• Your task
Your output must be the lines below from the line containing "Die erste G" to the line containing "Desenvolvido por um", both lines included, reproduced exactly and without pictures.

• Records shown
·····

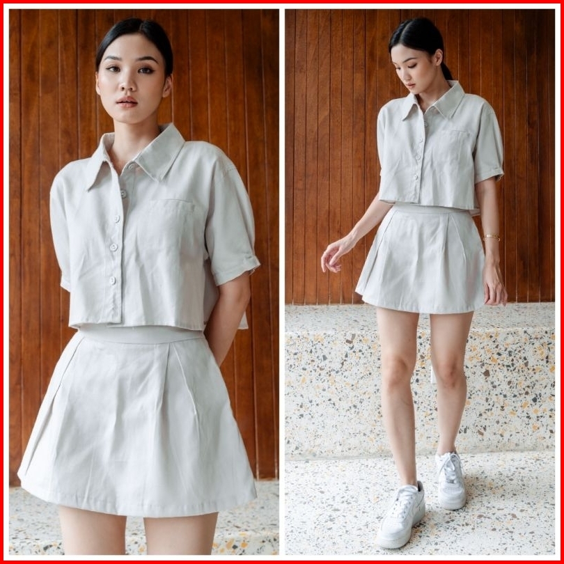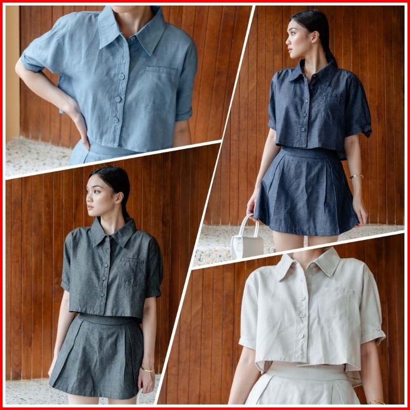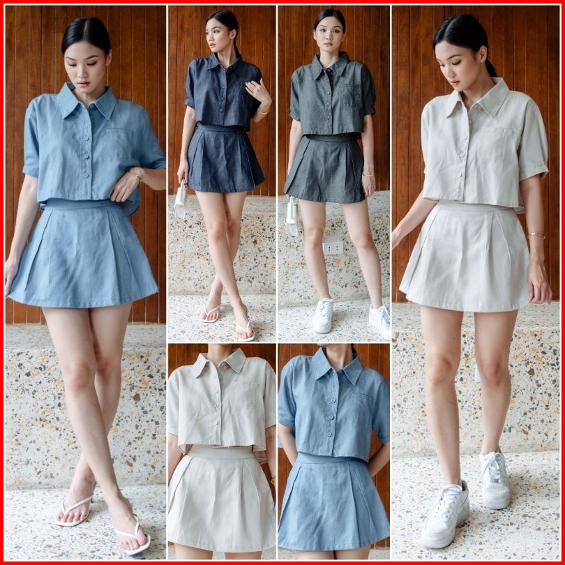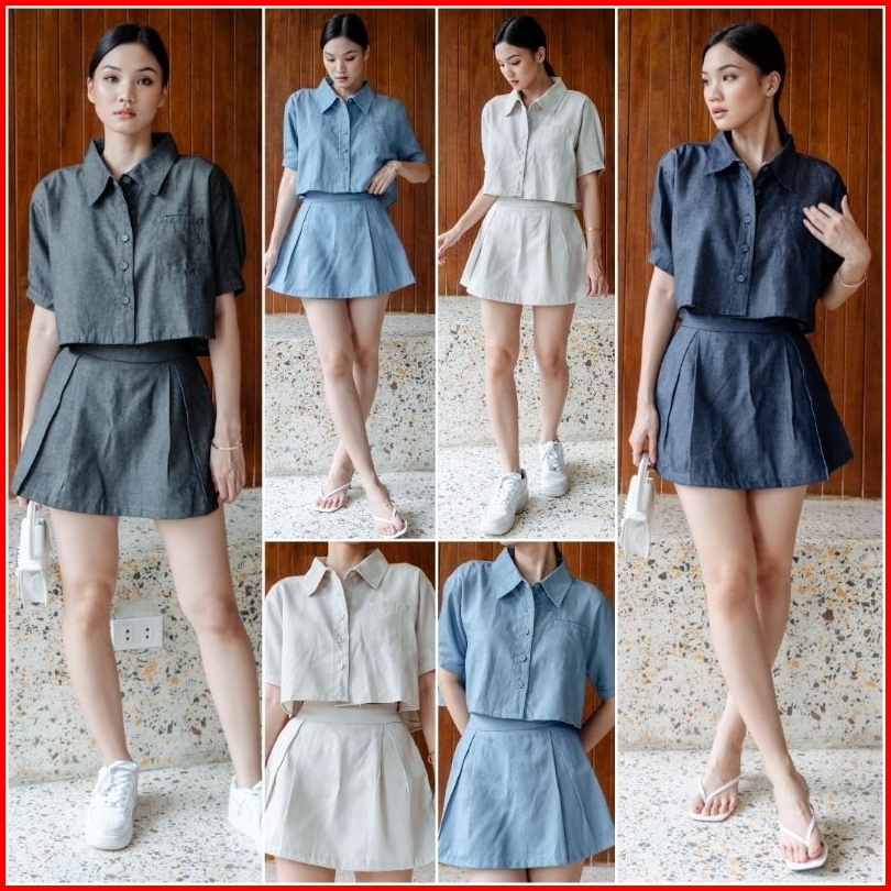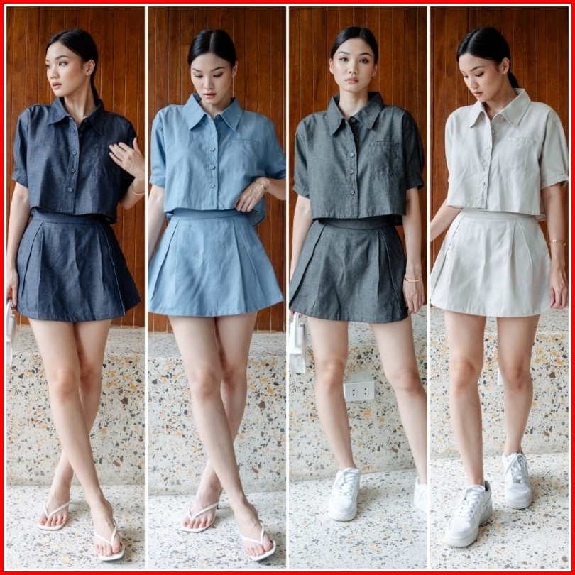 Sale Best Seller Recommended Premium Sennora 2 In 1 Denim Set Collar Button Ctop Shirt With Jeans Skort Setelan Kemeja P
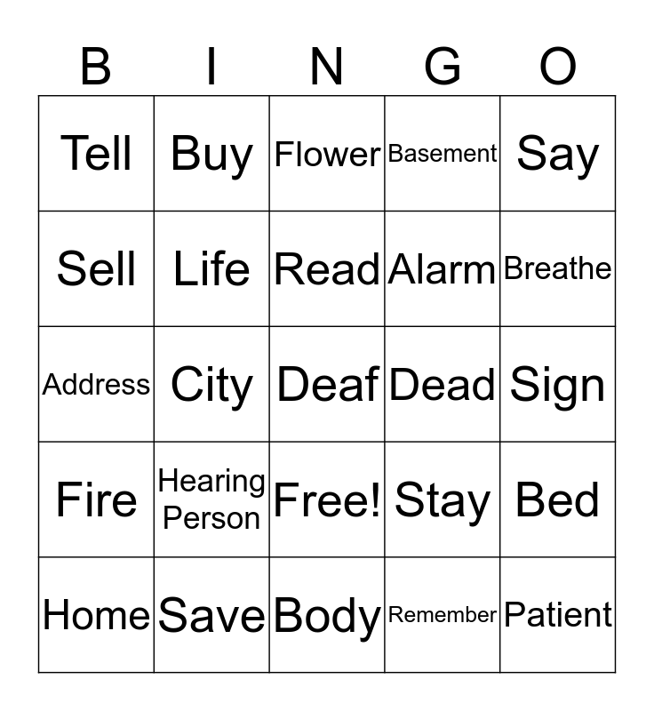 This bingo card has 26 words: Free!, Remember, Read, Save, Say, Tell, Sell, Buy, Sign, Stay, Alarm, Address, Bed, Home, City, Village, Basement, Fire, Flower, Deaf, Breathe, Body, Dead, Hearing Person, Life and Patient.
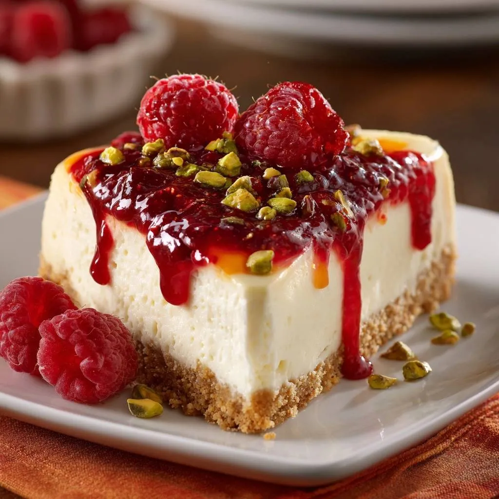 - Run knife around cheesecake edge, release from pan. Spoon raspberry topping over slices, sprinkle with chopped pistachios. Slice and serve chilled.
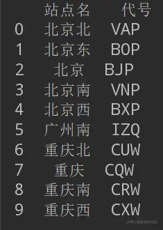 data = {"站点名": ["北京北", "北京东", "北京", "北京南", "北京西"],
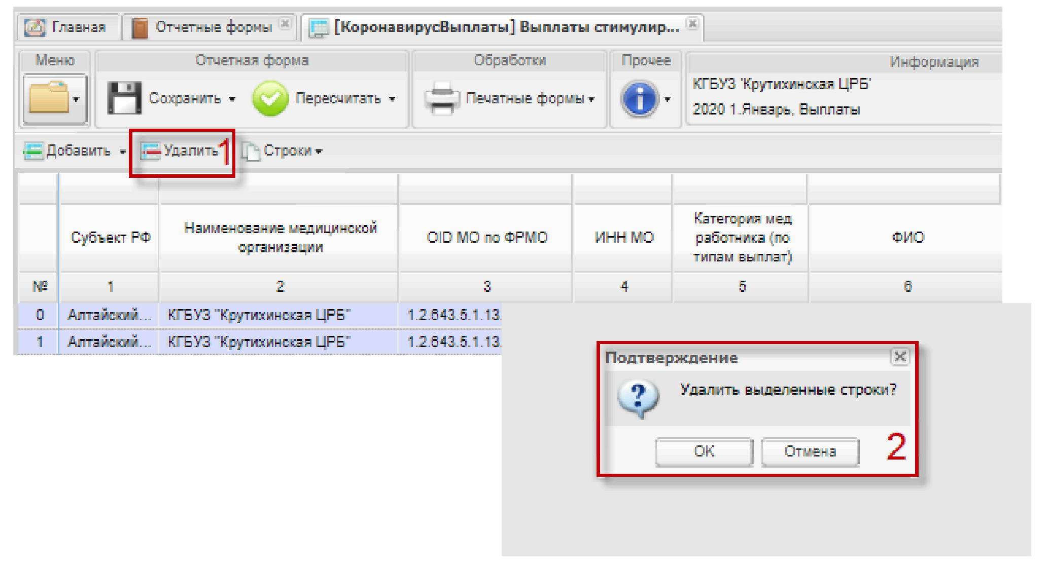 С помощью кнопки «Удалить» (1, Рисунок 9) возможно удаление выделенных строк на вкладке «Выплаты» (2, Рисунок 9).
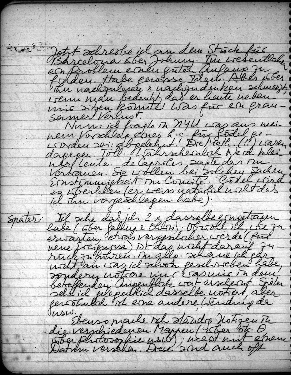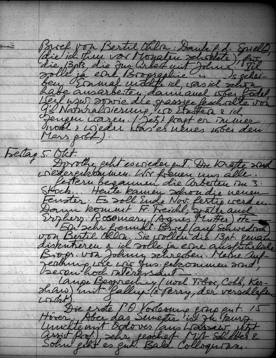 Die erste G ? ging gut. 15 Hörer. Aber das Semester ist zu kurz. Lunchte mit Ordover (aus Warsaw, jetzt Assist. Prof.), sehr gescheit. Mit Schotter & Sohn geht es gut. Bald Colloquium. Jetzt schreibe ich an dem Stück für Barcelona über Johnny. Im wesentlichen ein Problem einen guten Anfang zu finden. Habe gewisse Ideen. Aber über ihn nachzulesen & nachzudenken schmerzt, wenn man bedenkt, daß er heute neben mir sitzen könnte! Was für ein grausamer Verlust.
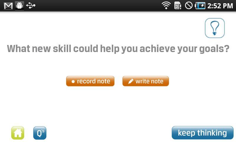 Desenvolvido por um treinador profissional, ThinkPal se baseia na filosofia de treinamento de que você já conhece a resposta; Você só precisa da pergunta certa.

·····

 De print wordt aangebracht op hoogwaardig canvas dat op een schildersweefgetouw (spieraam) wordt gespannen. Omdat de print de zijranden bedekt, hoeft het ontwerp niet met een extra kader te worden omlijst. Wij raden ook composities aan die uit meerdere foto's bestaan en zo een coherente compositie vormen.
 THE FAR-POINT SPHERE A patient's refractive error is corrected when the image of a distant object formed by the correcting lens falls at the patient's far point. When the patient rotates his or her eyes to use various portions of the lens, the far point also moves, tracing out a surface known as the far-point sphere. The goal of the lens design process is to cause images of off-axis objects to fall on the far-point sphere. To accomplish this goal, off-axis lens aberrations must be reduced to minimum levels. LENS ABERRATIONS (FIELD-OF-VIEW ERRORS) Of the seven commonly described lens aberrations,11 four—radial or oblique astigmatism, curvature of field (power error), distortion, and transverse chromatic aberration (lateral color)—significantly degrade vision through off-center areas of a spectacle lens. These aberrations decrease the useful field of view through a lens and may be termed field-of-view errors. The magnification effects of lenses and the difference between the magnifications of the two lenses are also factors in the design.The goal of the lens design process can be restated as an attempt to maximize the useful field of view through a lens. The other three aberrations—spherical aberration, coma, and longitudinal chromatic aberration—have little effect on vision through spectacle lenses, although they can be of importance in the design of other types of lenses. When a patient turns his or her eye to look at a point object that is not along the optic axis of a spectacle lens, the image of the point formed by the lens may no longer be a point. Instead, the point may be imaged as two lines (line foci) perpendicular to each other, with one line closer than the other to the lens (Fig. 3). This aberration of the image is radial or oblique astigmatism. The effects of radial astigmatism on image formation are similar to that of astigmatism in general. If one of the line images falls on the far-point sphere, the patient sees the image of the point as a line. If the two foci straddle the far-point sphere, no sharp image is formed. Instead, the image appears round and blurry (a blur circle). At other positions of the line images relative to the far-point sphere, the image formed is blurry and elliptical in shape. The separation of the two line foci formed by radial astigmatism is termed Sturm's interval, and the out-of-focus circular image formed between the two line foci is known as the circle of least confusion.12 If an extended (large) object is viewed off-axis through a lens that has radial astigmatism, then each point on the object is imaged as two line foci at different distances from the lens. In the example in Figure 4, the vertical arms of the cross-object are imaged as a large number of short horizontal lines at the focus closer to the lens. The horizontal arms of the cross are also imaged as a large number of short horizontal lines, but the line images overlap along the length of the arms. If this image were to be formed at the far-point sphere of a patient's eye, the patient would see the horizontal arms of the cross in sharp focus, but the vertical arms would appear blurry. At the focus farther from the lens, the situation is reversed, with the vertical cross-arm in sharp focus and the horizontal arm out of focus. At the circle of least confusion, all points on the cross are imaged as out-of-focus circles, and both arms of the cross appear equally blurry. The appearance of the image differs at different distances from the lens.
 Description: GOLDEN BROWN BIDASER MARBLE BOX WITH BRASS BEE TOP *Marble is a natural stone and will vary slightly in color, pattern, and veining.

·····

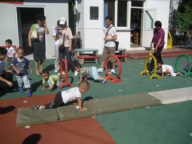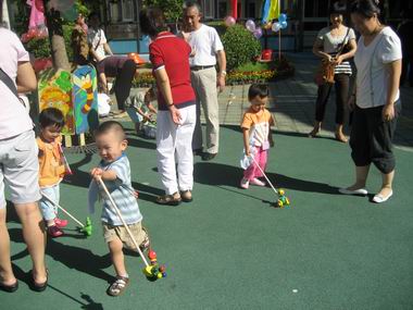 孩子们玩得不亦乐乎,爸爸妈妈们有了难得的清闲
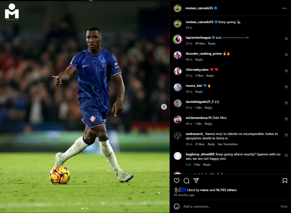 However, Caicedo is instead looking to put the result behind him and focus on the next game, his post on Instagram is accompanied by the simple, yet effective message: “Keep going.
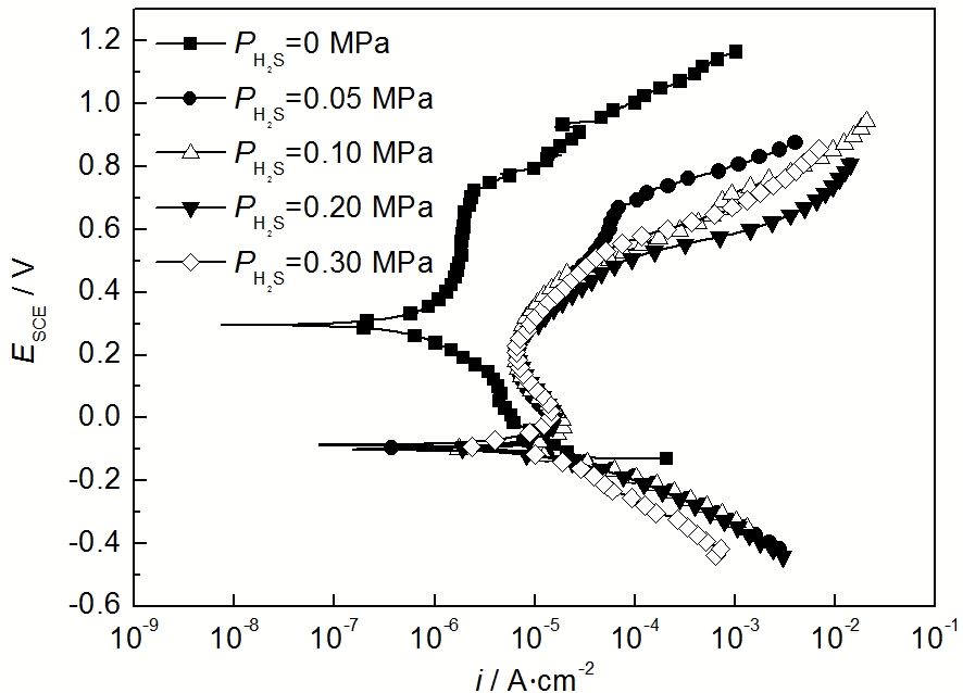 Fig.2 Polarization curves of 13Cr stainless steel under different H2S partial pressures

·····

• Result of this exercise
 Die erste G ? ging gut. 15 Hörer. Aber das Semester ist zu kurz. Lunchte mit Ordover (aus Warsaw, jetzt Assist. Prof.), sehr gescheit. Mit Schotter & Sohn geht es gut. Bald Colloquium. Jetzt schreibe ich an dem Stück für Barcelona über Johnny. Im wesentlichen ein Problem einen guten Anfang zu finden. Habe gewisse Ideen. Aber über ihn nachzulesen & nachzudenken schmerzt, wenn man bedenkt, daß er heute neben mir sitzen könnte! Was für ein grausamer Verlust.
 Desenvolvido por um treinador profissional, ThinkPal se baseia na filosofia de treinamento de que você já conhece a resposta; Você só precisa da pergunta certa.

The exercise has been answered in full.